Disfigured and lonely, Pippa hasn’t even stepped into the hallway for the last four years. She argues with her family on the phone, makes friends via Skype and obsessively stacks magazines in neat piles around the bedroom. That limited lifestyle is turned upside down when devious crook Kayleigh (Eliza Bennett) arrives – and the tension sets in.
The challenge with single-location shoots is to stop things feeling static. That’s not a problem for Tobbell. Taking a leaf out of David Fincher’s Panic Room book, he weaves the camera smoothly through Pippa’s tiny corridors, keeping the screen dynamic.
His cast are as good as his location: Daisy Lowe, in her first screen role, is convincing as the trapped model. She may have gone to the Tom Cruise-in-Vanilla-Sky-School-of-Disfigurement, but she sells her emotional torture with impressive conviction. Fresh from a painful shoot on Game of Thrones, Alfie Allen is solid as one of Kayleigh’s gang. It’s nice to see Theon Greyjoy with a quiff and a cockney accent – although one sequence in which he’s tied to a chair makes you wonder if poor Alfie has physical torture written into his contract.
But while Daisy’s debut may bag the headlines, it’s her rival that steals the show. A stonking, stunning villain, Eliza’s antagonist floats through the flat with carefree menace, comfortably cycling through wigs, outfits and personalities every few minutes. At one point she even speaks German – then morphs it into Spanish.

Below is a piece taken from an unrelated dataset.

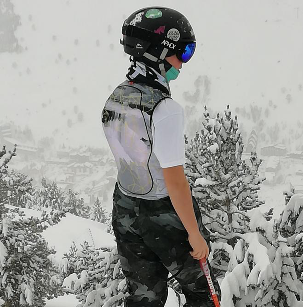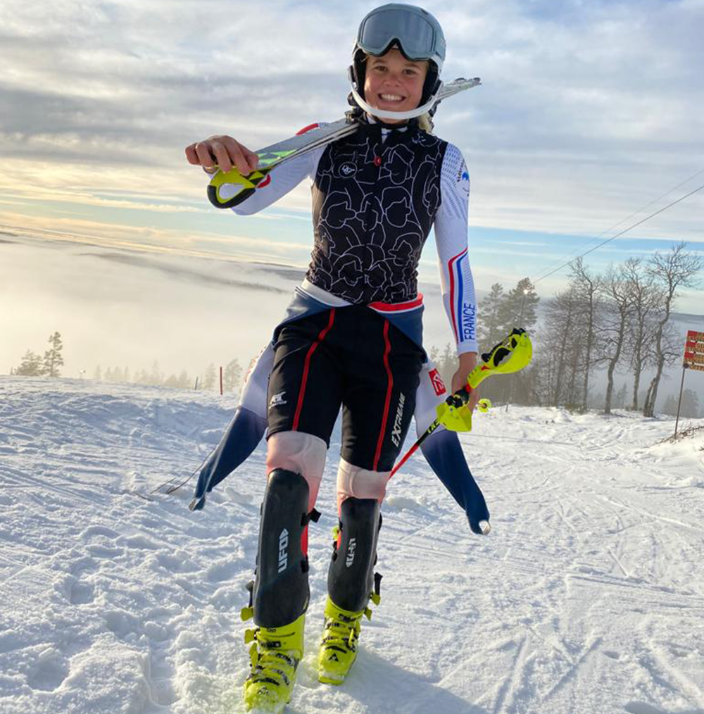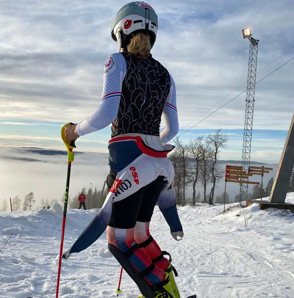 Léna glisse son Armure en dessous de sa combinaison lors de toutes ses compétitions et de tous ses entrainements ! « J’ai une Armure dorsale Bisous et une Alias, sont trop stylés ! J’adore les porter et je me sens protégée. C’est un vrai plaisir de les mettre et non une contrainte contrairement à celles que j’avais avant ! »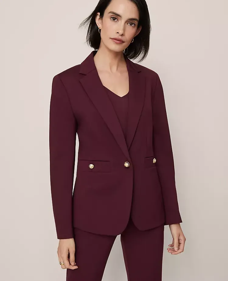Ann Taylor Jackets And Blazers|Suits|The Petite One Button Blazer In Ponte Poised Plum

While Bennett’s on screen, Confine is captivating. It’s a disappointment, then, when the mildly predictable ending finally arrives. Hints that are dropped early on are followed through to the letter – almost as if the script has been wrestled away from the unpredictable Eliza and back into more conventional hands.
At a tightly cut 81 minutes, though, Confine is a confident, claustrophobic thriller that makes for solid Saturday night streaming. It may not be Panic Room, but it’s still stands alongside many big budget thrillers out there. Here’s hoping we see Eliza Bennett in a few of those soon.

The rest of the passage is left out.